Since checking if large files are the same is expensive, maybe computing a hash and checking it would be faster than checking each time if two files are the same? Or even better I could store the modification date of each file copied and check that later when copying again

Thanks

RedDocMD · April 26, 2022, 4:21am

No, it doesn't.

That would depend on the number of times a file is modified vs the no of times you check it. If a file is modified more often than it is checked, then a checksum won't help - since computing the checksum requires you to read the entire file. If its the other way round, then checksums save a lot of time.

Modification times tell you when the file potentially could have changed - it might still be the same. Of course, you may ignore this distinction and consider it changed anyway (make systems do that, git doesn't).

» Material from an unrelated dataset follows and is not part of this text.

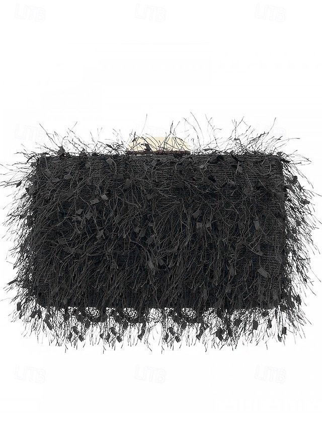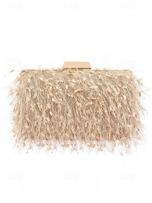 Women’s Chic Feathered Evening Clutch with Chain Strap,

H2CO3 · April 26, 2022, 5:37am

That's very unreliable, since all sorts of events beyond your control change modification dates around almost randomly. Not to mention that there is no such thing as "the" last modified date, since platforms vary greatly in how they represent and interpret this information. On some platforms, for example, there are many related dates such as "last modified", "last opened", "created", and even when they are called the same on two different OSes, they won't mean the same thing.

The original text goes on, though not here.